| Task brief |
Filter by the string "Reformasi": return the lines of the material that contain it.

═════ Information given

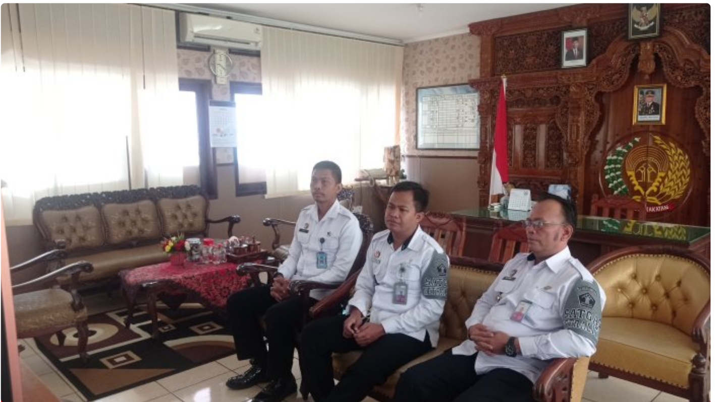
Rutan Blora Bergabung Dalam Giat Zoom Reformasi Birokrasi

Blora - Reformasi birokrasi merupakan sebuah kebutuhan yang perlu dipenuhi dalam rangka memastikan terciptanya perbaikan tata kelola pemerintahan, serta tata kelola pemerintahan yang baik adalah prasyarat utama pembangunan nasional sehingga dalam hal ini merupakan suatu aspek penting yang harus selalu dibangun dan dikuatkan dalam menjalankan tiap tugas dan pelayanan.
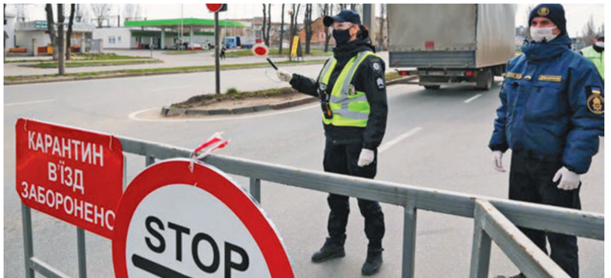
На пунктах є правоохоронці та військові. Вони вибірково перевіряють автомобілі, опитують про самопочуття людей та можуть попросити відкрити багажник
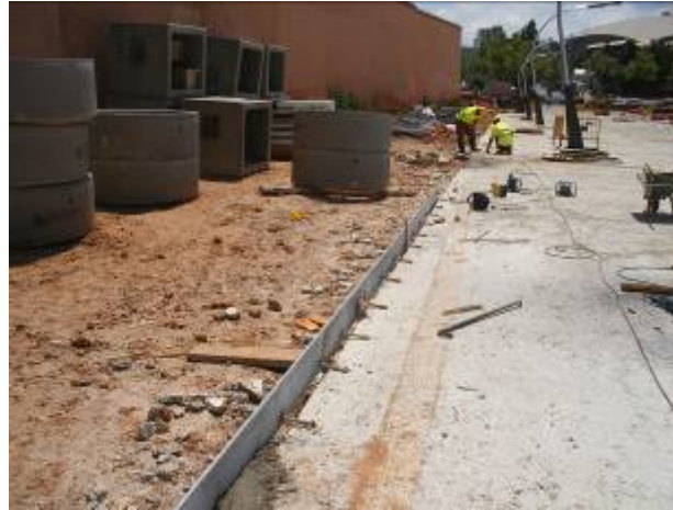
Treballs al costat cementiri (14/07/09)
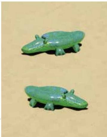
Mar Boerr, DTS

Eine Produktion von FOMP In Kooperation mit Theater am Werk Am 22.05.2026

══════════
═════ Information given

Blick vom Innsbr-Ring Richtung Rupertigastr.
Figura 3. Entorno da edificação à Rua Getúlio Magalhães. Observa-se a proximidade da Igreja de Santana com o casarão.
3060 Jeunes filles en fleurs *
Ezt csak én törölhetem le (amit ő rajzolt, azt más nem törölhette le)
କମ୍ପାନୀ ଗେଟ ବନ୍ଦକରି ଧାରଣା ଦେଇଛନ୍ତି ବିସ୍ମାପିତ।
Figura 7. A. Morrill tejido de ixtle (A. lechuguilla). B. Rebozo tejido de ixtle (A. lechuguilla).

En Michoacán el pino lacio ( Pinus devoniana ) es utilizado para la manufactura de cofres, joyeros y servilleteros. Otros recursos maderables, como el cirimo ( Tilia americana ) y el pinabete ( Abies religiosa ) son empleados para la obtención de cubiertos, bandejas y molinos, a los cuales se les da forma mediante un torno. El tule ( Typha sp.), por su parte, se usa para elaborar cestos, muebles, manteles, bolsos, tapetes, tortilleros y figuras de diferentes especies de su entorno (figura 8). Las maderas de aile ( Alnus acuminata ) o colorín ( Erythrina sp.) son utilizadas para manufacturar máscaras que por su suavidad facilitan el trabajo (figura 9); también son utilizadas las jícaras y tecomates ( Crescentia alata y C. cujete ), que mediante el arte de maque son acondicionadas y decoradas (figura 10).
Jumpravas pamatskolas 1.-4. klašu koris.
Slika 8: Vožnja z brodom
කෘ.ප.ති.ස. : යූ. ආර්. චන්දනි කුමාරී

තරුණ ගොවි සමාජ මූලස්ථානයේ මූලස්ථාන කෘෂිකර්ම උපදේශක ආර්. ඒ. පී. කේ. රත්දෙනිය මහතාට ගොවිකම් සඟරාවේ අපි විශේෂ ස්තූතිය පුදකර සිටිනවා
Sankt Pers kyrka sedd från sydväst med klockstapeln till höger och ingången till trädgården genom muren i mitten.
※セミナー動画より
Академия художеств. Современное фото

══════════

| Result below |
Rutan Blora Bergabung Dalam Giat Zoom Reformasi Birokrasi
Blora - Reformasi birokrasi merupakan sebuah kebutuhan yang perlu dipenuhi dalam rangka memastikan terciptanya perbaikan tata kelola pemerintahan, serta tata kelola pemerintahan yang baik adalah prasyarat utama pembangunan nasional sehingga dalam hal ini merupakan suatu aspek penting yang harus selalu dibangun dan dikuatkan dalam menjalankan tiap tugas dan pelayanan.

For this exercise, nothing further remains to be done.